“Bridge of Spies” lacks intrigue

The story needed Spielberg the showman. Instead it got Spielberg the history professor

By Nicholas Barber

Three times during Steven Spielberg’s cold-war drama, “Bridge of Spies”, an American lawyer comments to his client, a captured Soviet agent, that he doesn’t seem worried about his predicament. Three times his client gives the same deadpan response: “Would it help?” As amusing as the line is the first time you hear it, by the third time you feel that, actually, yes, maybe it would help. Perhaps if someone in the film were to express concern or anxiety or fear at some stage, “Bridge of Spies” would have the tension and excitement that it lacks. As it is, this true story of espionage and brinkmanship is so relaxed that it might as well be wearing slippers and sitting by the fire.

It doesn’t start like that. Set in Brooklyn in 1957, the opening of “Bridge of Spies” introduces a humble, ageing painter who is being tailed by sinister men in trilbies and trenchcoats – and no director’s chase sequences are as controlled and nerve-racking as Spielberg’s. The men turn out to be FBI agents, and the painter turns out to be Rudolf Abel (Mark Rylance), a British citizen and a Soviet spy. When he is arrested, he quietly and casually refuses to deny the charges brought against him (again: would it help?), but the authorities want to showcase American justice to the world, so they accord him a competent defence attorney. Enter James Donovan (Tom Hanks), a smooth-talking insurance specialist who takes the job more seriously than anyone expected. He doesn’t just want to put on a show of defending Abel, he wants to do so as stringently as possible, even if it means upsetting a judge who believes the spy deserves everything he gets, and even if it means being branded a traitor.

Written by a British playwright, Matt Charman, and rewritten by Ethan and Joel Coen, “Bridge of Spies” is on the verge, at this point, of engaging with some knotty, important and horribly timely issues. What does Western democracy stand for? Should it break its own rules and abandon its own principles in order to protect its people? Or should it stick to the letter of the law, whether or not that puts innocent lives at stake – in Donovan’s case, the lives of his wife and children? After he has been seen defending Abel, he is rewarded with several bullets through his sitting-room window.

The flaw in the film is that Donovan, like his client, just isn’t worried about any of these issues. He isn’t even worried about the drive-by shooting. As played by Hanks at his most folksy and James Stewart-ish, he is comfortably sure that he is right and that everyone else is wrong, which removes both the suspense and the debate.

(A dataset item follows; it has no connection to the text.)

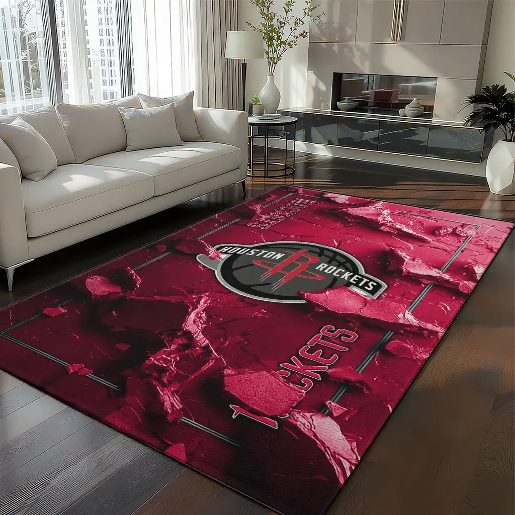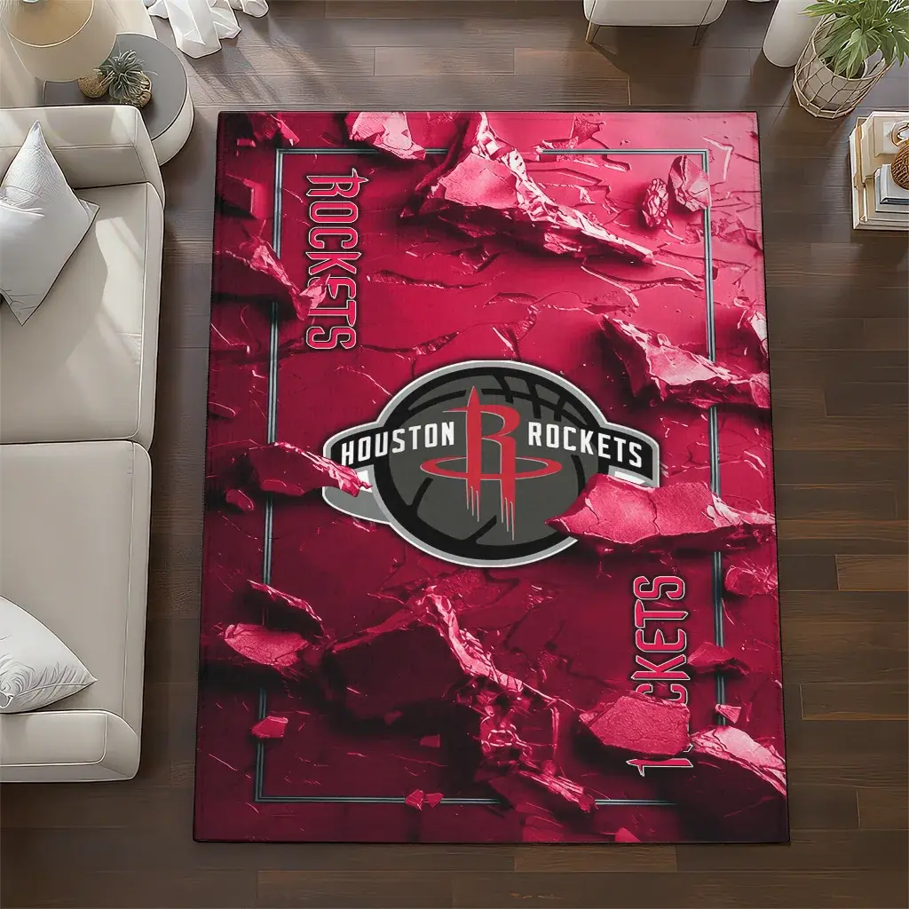 Houston Rockets Rug – Cracked Surface Design Red

It might have been a different matter if “Bridge of Spies” had developed into the full-blown courtroom drama it initially promises to be. But the second half of the film jumps past the legal questions and onto a separate story (and one in which the wonderfully nuanced Rylance is barely seen). When an American spyplane is shot down over Russia, and its pilot, Francis Gary Powers (Austin Stowell), is arrested, Donovan is assigned to negotiate a prisoner exchange, Abel for Powers. And so he decamps to grey, snowy, bomb-damaged Berlin, where he plods back and forth between East and West Germany, sweet-talking various Soviet officials with his irresistible combination of cunning, courage and affability.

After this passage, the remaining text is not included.